Indeed, a future reform of teacher training where all aspiring teachers are taught in the subject department of universities by those qualified in their subjects will be an essential stage in restoring professionalism to a profession.

And like the doctor or lawyer, once the subject is mastered, the teacher can practise in the classroom, aided and supported by those with practical teaching experience.

Autonomy is a precondition of professionalism - the autonomy of the school and the autonomy of the profession itself. That the school should choose, promote, pay and, if necessary, give notice to the teacher is essential if teaching is to become the profession it should be again.

The maintained school, therefore, must become an independent trust, freed from its bureaucratic big brother, with a greater share of public funding than that which the system currently allows, having paid its officialdom.

Teachers would be employed by the school because they can teach the subjects of which they - and they alone - are the masters. The school would decide the nature of admissions and the organisation of classes.

The head and governing body may believe, with excellent teaching, monitoring of the pupils and management, that comprehensive entry is best. They may then decide to set or stream, judging how their individual teachers may best teach to the highest standard, or they may decide on mixed-ability classes.

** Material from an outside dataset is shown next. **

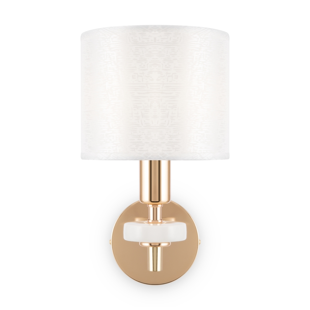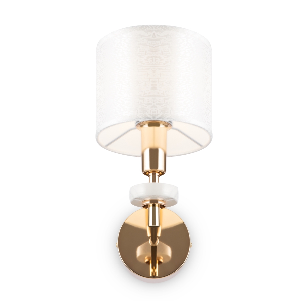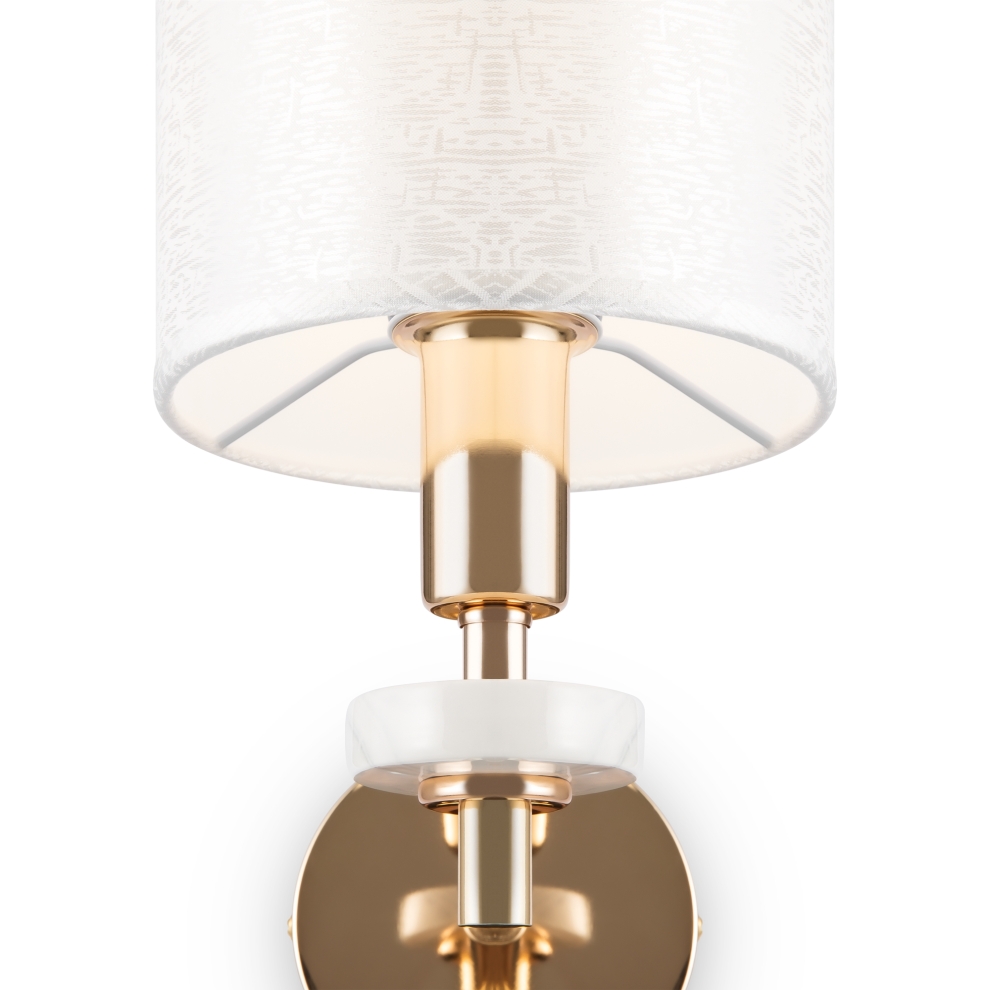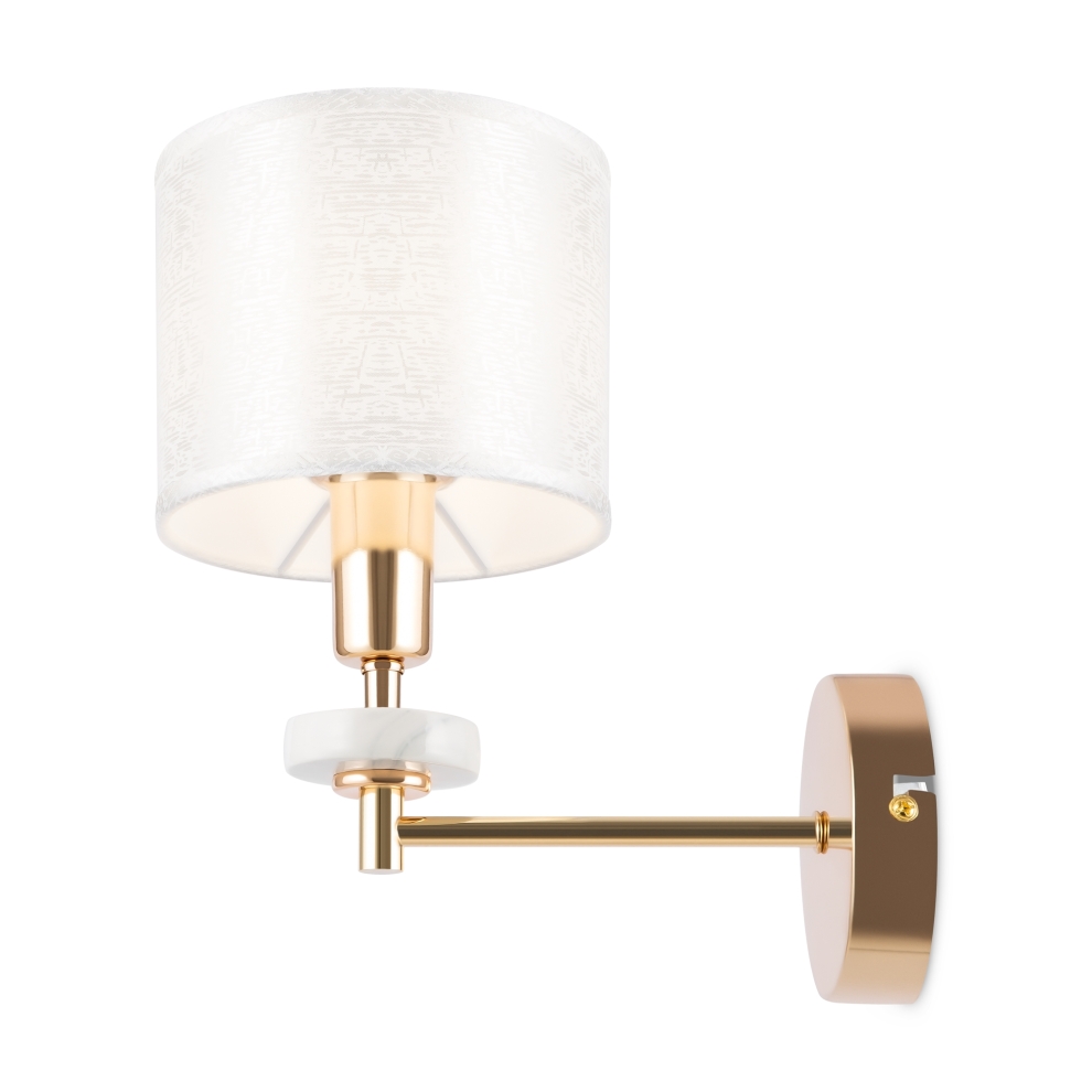 Металлическая арматура золотого оттенка. Абажуры – текстиль на ПВХ кремового цвета. Трендовый керамический декор с имитацией мрамора. Источник света – лампа с цоколем E14.

Funding should follow the child, and parental choice - rather than complicated formulae imposed by Whitehall and the local authority - should be the rule of the day. In this way, the school would have the incentive to encourage its good teachers and take whatever steps are necessary to improve.

And what of the state, the officials and their bureaucratic programme? What of “national” standards, key stages, benchmarks, literacy hours, class sizes, recommended methods of teaching? Have they improved the lot of the teaching profession, or the standards their pupils reach?

The state should limit itself to establishing a framework for freedom and autonomy with minimum standards, monitored via a fair external exam system, while maintaining both a dispassionate inspectorate which reports on schools and a penalty system.

Minimum standards in this country - as in others - should be through a fair external exam or tests, where all pupils take examinations under similar conditions, externally set and externally marked. The inspectorate, which under the Office for Standards in Education continues to work for professional inspection, might seek to limit the myriad of criteria which it inherited from the practices of HMI so that inspection reports on output.

Only a free system provides the proper balance between internal autonomy and external checks. I have no doubt that such a future will come sooner rather than later. Initially this will be for reasons of efficiency, but ultimately it will be because one of the revolutions of the 21st century will be that foreshadowed by Weber - when he pondered how to make room for individual needs, given the all-powerful trend to bureaucratisation. The independent trust model for schools will provide an alternative to what he saw as the “enormous crushing power of this constantly growing structure”.